El disco abre a toda máquina, con "The Evil Powers of Rock 'n' Roll", "Cool Manchu" y "I Want The Drugs", atómicos cortes de Punk n' Roll, pero más tamizados, lejos de la suciedad de lo que exhibían en "The Smoke Of Hell". "Santa Rita High" aleja un poco el pie del acelerador pero mantiene el pulso hasta llegar a su icónico final para dar paso a la punkarrera "Dead Meat".
"Stuff n' Nonsense" mostraba una cara hasta la fecha inédita en la discografía de la banda: La de su innegociable condición de creadores de grandes melodías,mostrando su corazón más (pongan todas las comillas que gusten) pop por así decirlo, siendo de paso una de mis preferidas del álbum.

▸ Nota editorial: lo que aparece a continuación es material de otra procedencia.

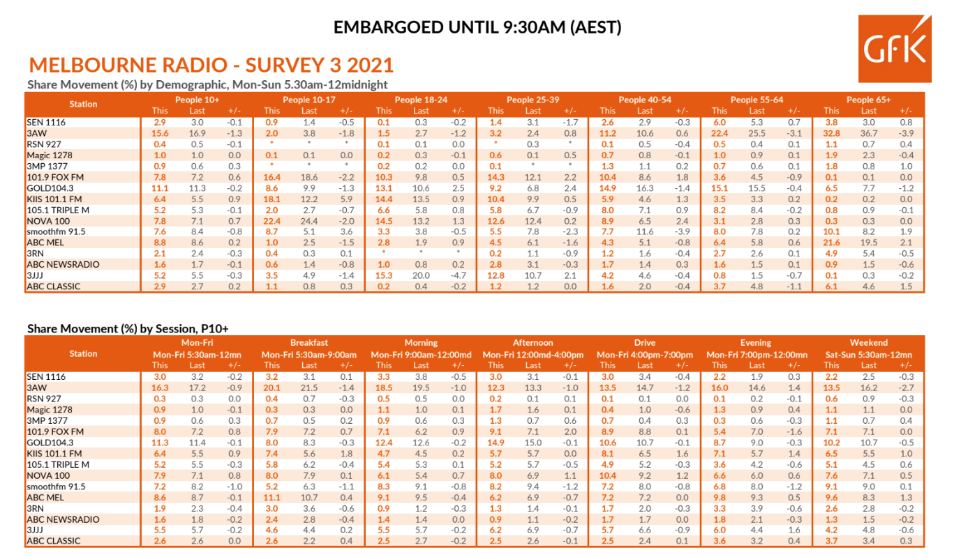 墨尔本电台收视率:3AW仍然无与伦比,杰斯和PJ结束在一个高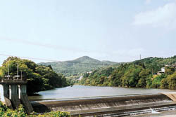 広瀬川「北堰」より、権現森を望む(撮影:高田栄三郎)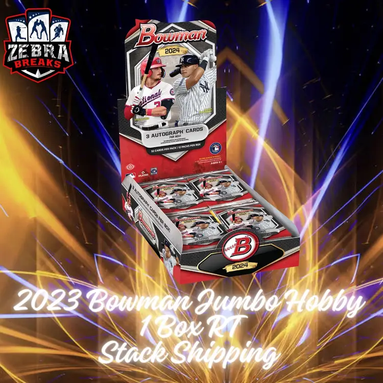 1 Jumbo Box of 2024 Bowman Baseball! STACK SHIPPING APPLIES All cards stack, you can request shipping by purchasing the "Stack Shipping Request" Item in the marketplace for Zebra Breaks specifically. Stack shipping is a $5 flat fee no matter how large your stack is. Shipping will occur the Friday/Saturday following your request if placed by Thursday night of the week you request shipping.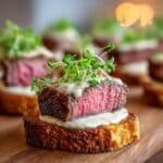 Beef Tenderloin Parmesan Crostini is an elegant appetizer featuring tender seared beef slices served on crispy baguette rounds, topped with a luscious Parmesan cream sauce and fresh herbs. Perfect for entertaining or a sophisticated starter.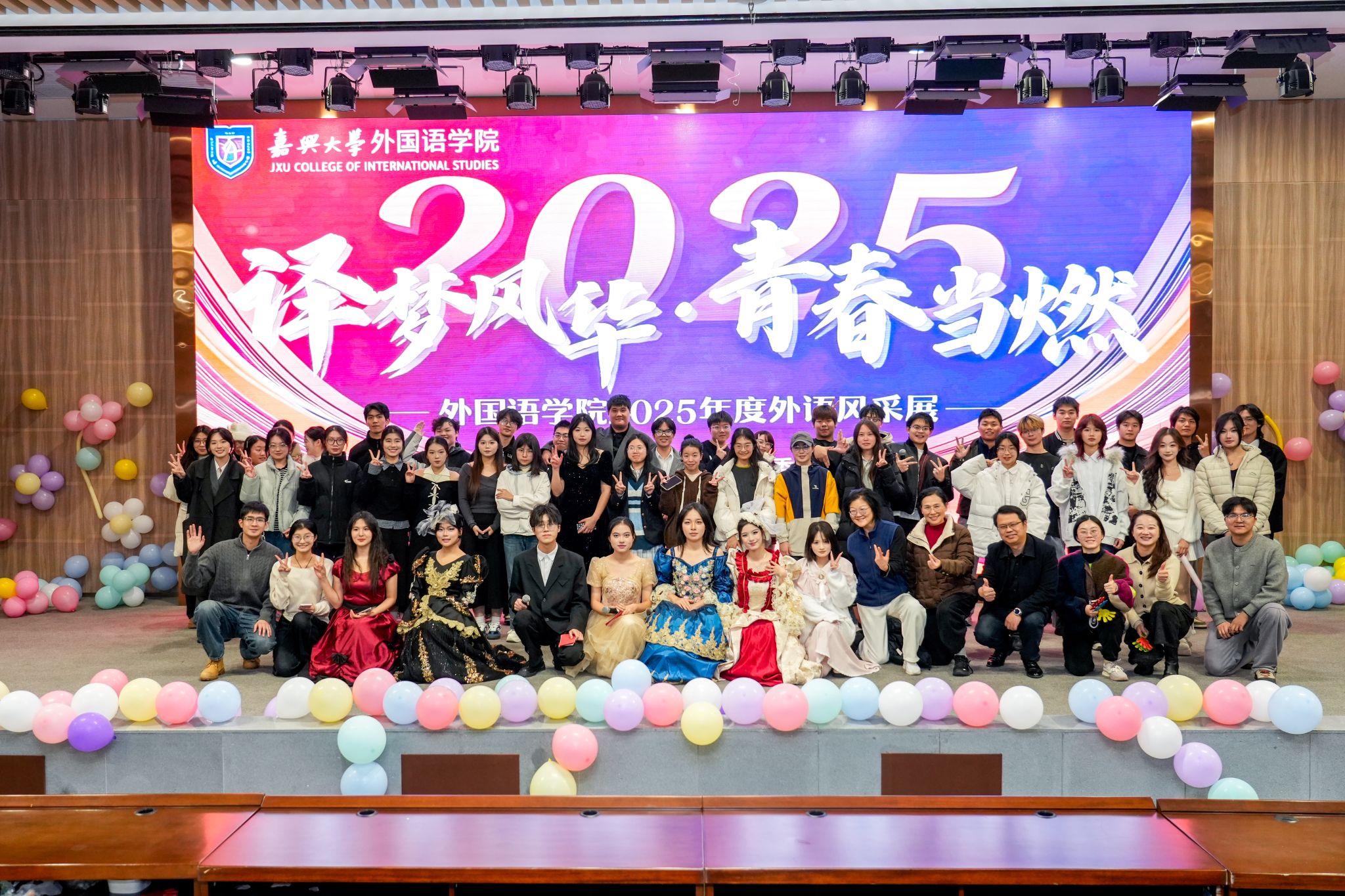 12月21日晚,91论坛 一年一度的特色活动“外语风采展”在图书馆报告厅举行。今年活动以“译梦风华·青春当‘燃’”为主题,学院分管学生工作负责人、近300名师生齐聚一堂,共同见证了一场融语言艺术、文化展示与青春创意于一体的视听盛宴。

No menos inédita era, dentro de sus cánones sónicos habituales, "Dirt Roads, Dead Ends and Dust", una poderosa a la par que épica exhibición de Roots Rock que tuvo que dejar boquiabierto del todo a ese sector de seguidores desencantados del que os hablaba más arriba.
En "Fisticuffs" y "Gone Gamblin" retoman su vena más espídica y marrullera dando paso a la hímnica "My Kickass Life" , toda una declaración de intenciones ("I’m in the band/I’m the man with the goldtop in my hand") Preludiando el final tenemos la solemne "Goin' Back To Tucson", la brevísima -y destacable- "I Can't Hold Myself the Line" inspirado ejercicio de Punk Rock old school donde la sombra de Social Distortion se perfila alargada y, poniendo punto y final, "Hot Like The Sun" suerte de doble canción en una, de acelerado y desquiciado comienzo para desembocar en el monolítico y saturado corte que despide este genuino festín de Rock and Roll.
"The Evil Powers..." terminó de consolidar a los Supersuckers en su condición (que hoy, tantos años después, todavía mantienen) de grupo de culto absolutamente fiel a sí mismo y sus circunstancias. Ajenos a florituras y vaivenes del negocio siguen proclamándose allá donde van "the greatest rock and roll band in the world since Thin Lizzy" , y, el hecho de que eso sea cierto o no resulta del todo irrelevante si lo comparamos con la actitud,el corazón y las pelotas que demuestran al vindicarse como tal.